The same percentage of the air at any location throughout the atmosphere measured at the same point in time. What the word says: If you mix several substances well, the result is a mixture that has the same percentage of each ingredient throughout its total mass, no matter where you take the sample and how large that sample is.
Sorry, not a valid definition. There is ALWAYS some variation. The question is, how much variation do you accept and still call it “well-mixed”. That’s different for every situation.
w.
Willis,
As I mentioned in the first essay, a common measure of uncertainty can come from a scenario where an unknown person delivers a sample to a lab and asks for it to be analyzed for a defined substance. Mineral exploration and mining labs have this all the time. Like “Here is some soil, please analyze for ppm Copper”.
When the lab is given aliquots of the same, well-mixed sample time after time, a measure of precision can be obtained. When the submitted sample is from a standardized sample (already analyzed by many labs and again well-mixed) one obtains a measure of accuracy.
In the specific case of CO2 in air, neither procedure seems to be used. There seems to be no “unknown person” with flask in hand. There might be, but after a lot of looking at the matter, I have not found any mention.
Maybe I should float the question, “Can an analysis of CO2 in the air be used to determine the date when it was captured”? The rider is, “with what accuracy in years?”

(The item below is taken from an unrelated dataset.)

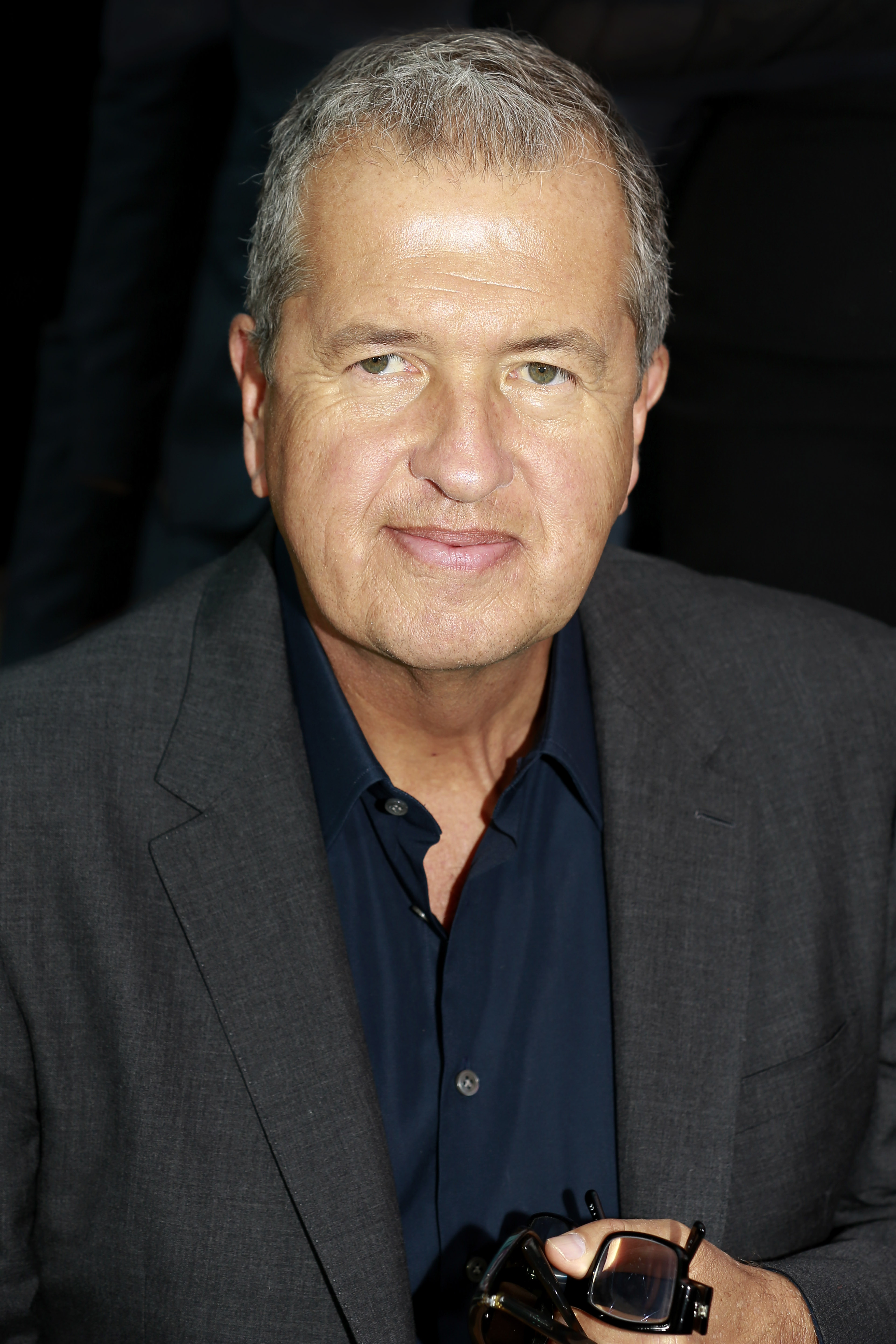 Mario Testino Portrait by : Walterlan Papetti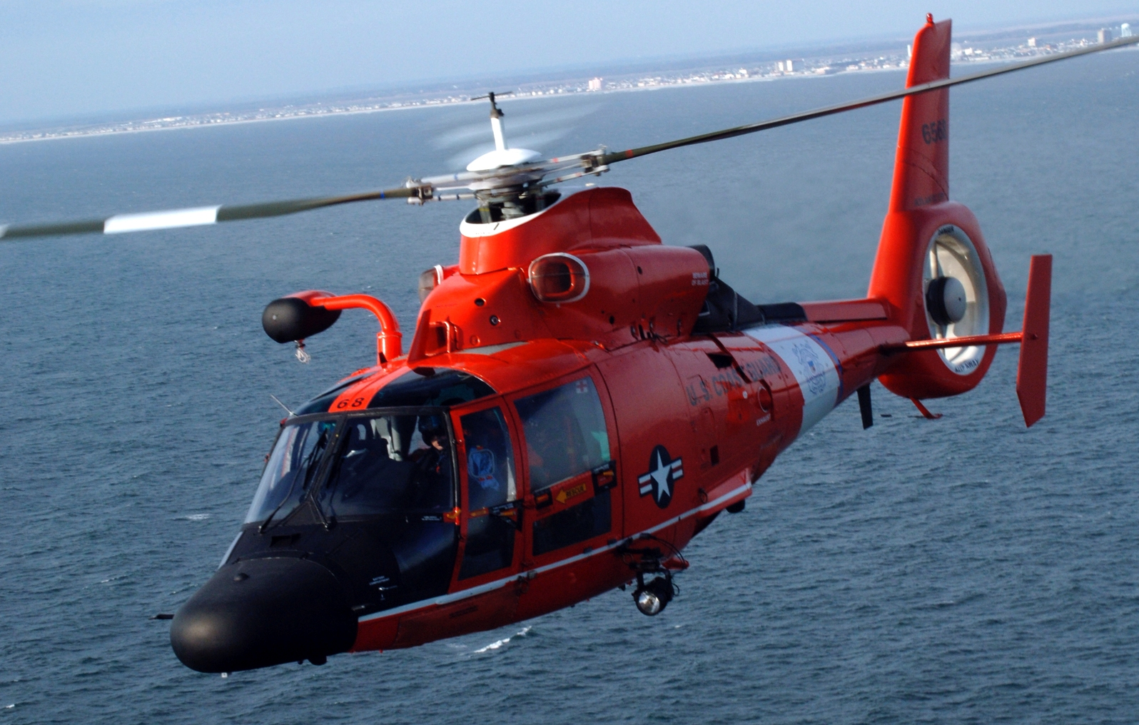 MH-65C Dolphin helicopter in flight.

BTW, in thinking of you response to my essay above, you wrote “It’s not a variation (with a claimed associated standard deviation of 5.5 ppmv) in measurements as he claims.” I disagree. If you crunched the numbers you would get a standard deviation of that size. It is a mathematical variation. I am fully aware that the 5.5 ppm variation contains a large element of a natural variation associated with factors like latitude, and I am fully aware that this would not normally be included in a discussion of lab performance, because the lab cannot control it. It was merely setting a plausible upper limit of a spectrum of estimates of variance. There is room for other, controllable variances between that 5.5 ppm and the next lowest one I mentioned, but I did not start into what they might be. The essay was already too long, in order to be inarguably explicit. Geoff S.
CO2 is not a climate driver. Man, what is wrong with people?
yes, that’s unfortunate… as Roy points out, the detectability of a falloff in emissions should at least bound the effect of human emissions on CO2
sadly it seems that (as with energy balance) the errors are on par with the effects
Since it is clear that CO2, from whatever source, has a negligible effect on global temperatures, why do we bother trying to measure CO2 to better than, say, 2 PPM ? Recall CO2 is up near 50% in the past 100 years while temps. are +/- flat, at best ? Brrrr.
With all the other real and disastrous problems in the world, measuring CO2 levels to any level of precision is like the band members on the Titanic tuning up.
“Authors have to cease and desist from cherry picking, concealment of adverse data, misrepresentation of uncertainty and reluctance to respond to criticisms of their work.” In short they should behave like the scientists they’re being paid to be not a bunch of schoolchildren.